BEGIN SOURCE INFORMATION

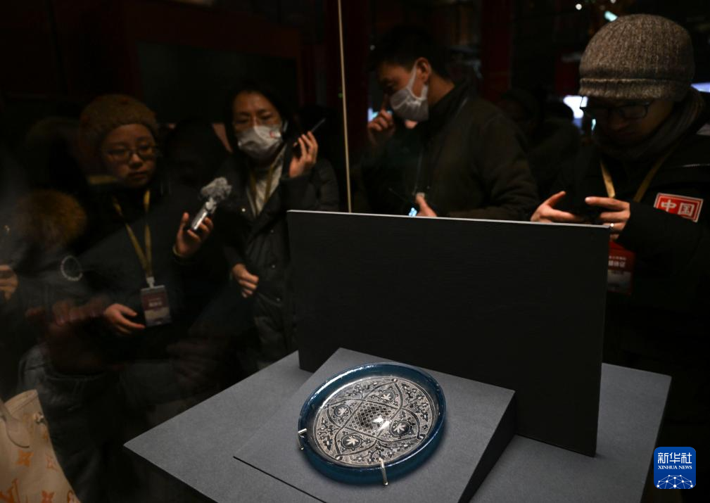 这是展出的陕西法门寺地宫出土唐代刻花蓝色玻璃盘(1月10日摄)。(新华社记者 金良快 摄)
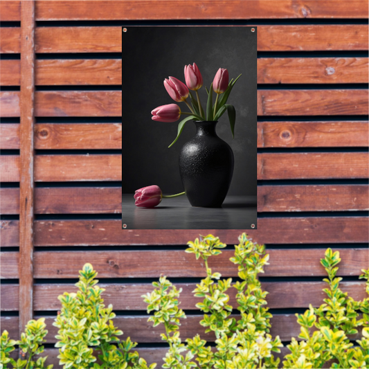 Stilleven met roze tulpen in donkere vaas tuinposter
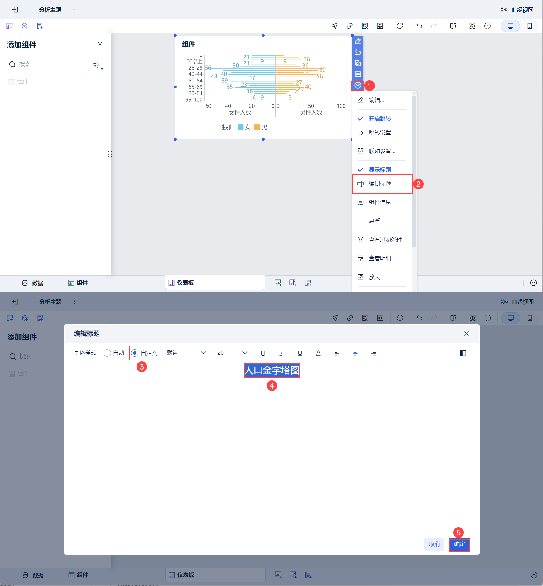 3)下拉选择「编辑标题」,样式选择「自定义」,设置标题为「人口金字塔图」,点击「确定」。如下图所示:
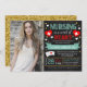 Adorável convite para a formatura de enfermeira com uma aparência falsa no quadro de discussão e gráficos médicos bonitos! Um excelente convida a felicitar a nova enfermeira por todo o seu trabalho de duro na escola de enfermagem! Apresenta um fundo de quadro chalkboard falso e gráficos médicos bonitos com destaque falso de folha de ouro e brilho!
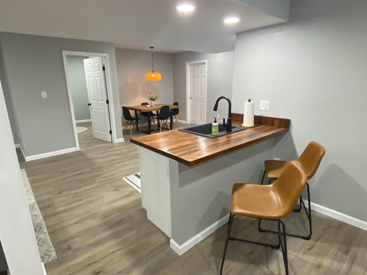 Mi espacioso departamento privado en la planta baja se encuentra cerca de campus y restaurantes. Cocina moderna y bien equipada. Entrada privada y estacionamiento. EL PRECIO BASE ES PARA DOS HUÉSPEDES QUE USEN UN DORMITORIO. SI NECESITAS DOS HUÉSPEDES PARA USAR DOS DORMITORIOS ($ 40 adicionales), REGÍSTRATE como 3 HUÉSPEDES, aunque solo sois dos. No puedes traer huéspedes que pernocten y que no hayas incluido en tu reservación. Las camionetas largas tendrán dificultades para dar la vuelta en nuestra entrada.
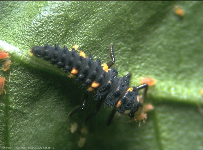 | Efficacité | très forte, surtout en forte densité de proies. Les larves: une centaine à un millier de pucerons par jour ; adulte :cent à deux cents larves |

END SOURCE INFORMATION

● **BRIEF**: From the line that contains "Adorável convite para" to the end of the material above, output every line exactly, both ends included, but leave out any pictures.

● **WRITTEN RESPONSE**:
 Adorável convite para a formatura de enfermeira com uma aparência falsa no quadro de discussão e gráficos médicos bonitos! Um excelente convida a felicitar a nova enfermeira por todo o seu trabalho de duro na escola de enfermagem! Apresenta um fundo de quadro chalkboard falso e gráficos médicos bonitos com destaque falso de folha de ouro e brilho!
 Mi espacioso departamento privado en la planta baja se encuentra cerca de campus y restaurantes. Cocina moderna y bien equipada. Entrada privada y estacionamiento. EL PRECIO BASE ES PARA DOS HUÉSPEDES QUE USEN UN DORMITORIO. SI NECESITAS DOS HUÉSPEDES PARA USAR DOS DORMITORIOS ($ 40 adicionales), REGÍSTRATE como 3 HUÉSPEDES, aunque solo sois dos. No puedes traer huéspedes que pernocten y que no hayas incluido en tu reservación. Las camionetas largas tendrán dificultades para dar la vuelta en nuestra entrada.
 | Efficacité | très forte, surtout en forte densité de proies. Les larves: une centaine à un millier de pucerons par jour ; adulte :cent à deux cents larves |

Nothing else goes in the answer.